We have spoken about it many times before, to declare victory over inflation and confirm a soft landing, the yield curves would need to normalize on a sustainable basis without a recession occurring. Something that has yet to happen.

Dow Theory

It’s not just the yield curve that gives us a cause for pause. According to Dow Theory, one of the oldest technical indicators in existence, the Dow Jones Industrial Average (DJIA) highs should be confirmed with a new high in the Dow Jones Transportation Average (DJTA) as well.

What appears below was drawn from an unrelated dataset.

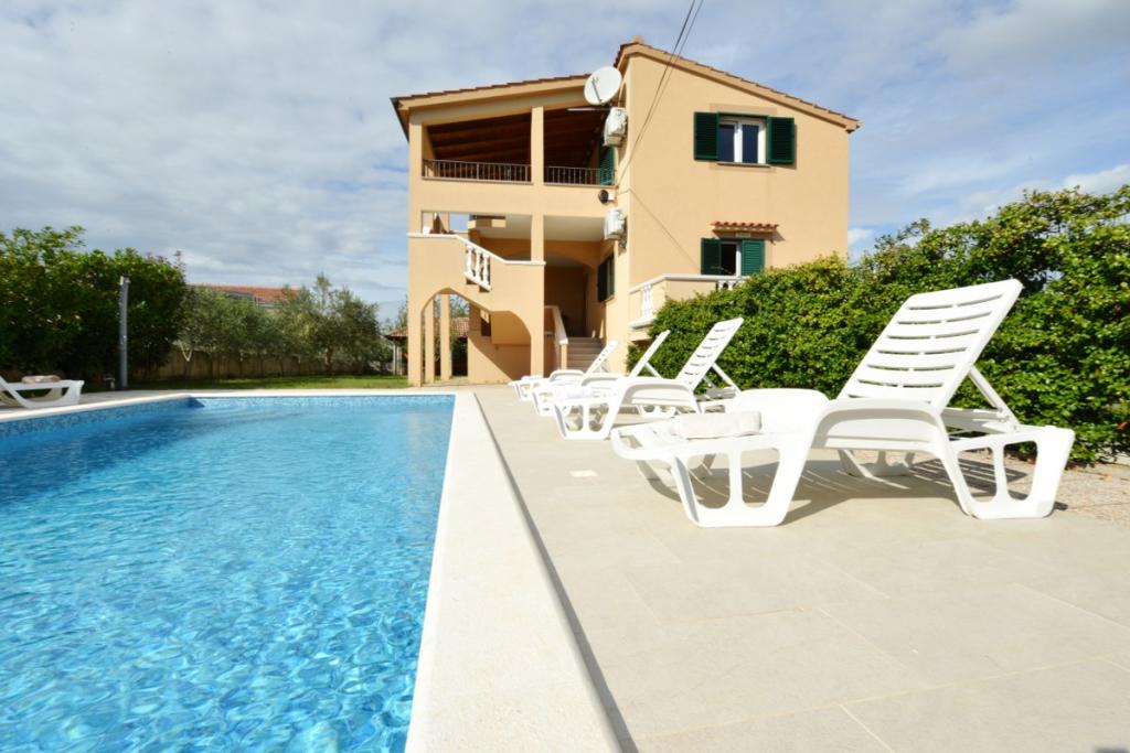 Полностью оборудованная и современная вилла для семейного отдыха с бассейном размером 8 x 4 метра в глубине Сукошана. Дом расположен в очень уединенном и тихом месте, в 4 км от пляжа и в 15 км от Задара, с которым он соединен автомагистралью (10 минут). Это двухэтажный дом, состоящий из одной трехместной и трех двухместных спален, двух ванных комнат, двух гостиных и двух кухонь, двух балконов, отдельного домика для барбекю и навеса перед домом. Из дома открывается прекрасный вид на Велебит и регион Равна Котар, а всего в 4 минутах ходьбы находится место (100 м над уровнем моря) с панорамным видом на Сукошан, острова Задарского архипелага и чудесный закат. В доме есть безлимитный и бесплатный беспроводной интернет, бесплатная парковка, органически выращенные овощи, которые доступны гостям. По договоренности возможна организация приготовления традиционных далматинских блюд.

The new all-time high in the DJIA (Blue Line) was not confirmed with a new high in the DJTA (Orange Line). Instead, the transportation average made a lower high, which is often considered a bearish divergence according to Dow Theory. A similar divergence took place around January of 2022.

The purpose of this post is not to instill fear. It is simply intended as a word of caution. There are still a lot of headwinds. Granted, we can say this about any market, but over the past couple of years we have been rewarded for focusing on the data. It kept us out of the recession crowd in 2022. This was a market riddled with low recession probabilities and extreme oversold conditions. Quite the opposite of what we are experiencing today.

The most dangerous moments in the markets are the ones where investors have become complacent. That is where we are today.

Make sure you check in on your portfolio. Have you recently rebalanced it? The big run up recently may have caused your asset allocation to shift. This could introduce unintended risk.

Have you stress tested your existing allocation? Do you understand the full downside potential of your holdings and asset allocation in different scenarios, such as a recession or reemergence of inflation?

Given risk-free rates are over 5% today, the hurdle for forward looking returns in risk assets is very high, especially as the risk is currently elevated at these lofty market levels.

Stay vigilant, be patient and at least consider the advice of two of the greatest investors of all time. Is this a market they would be putting money to work in?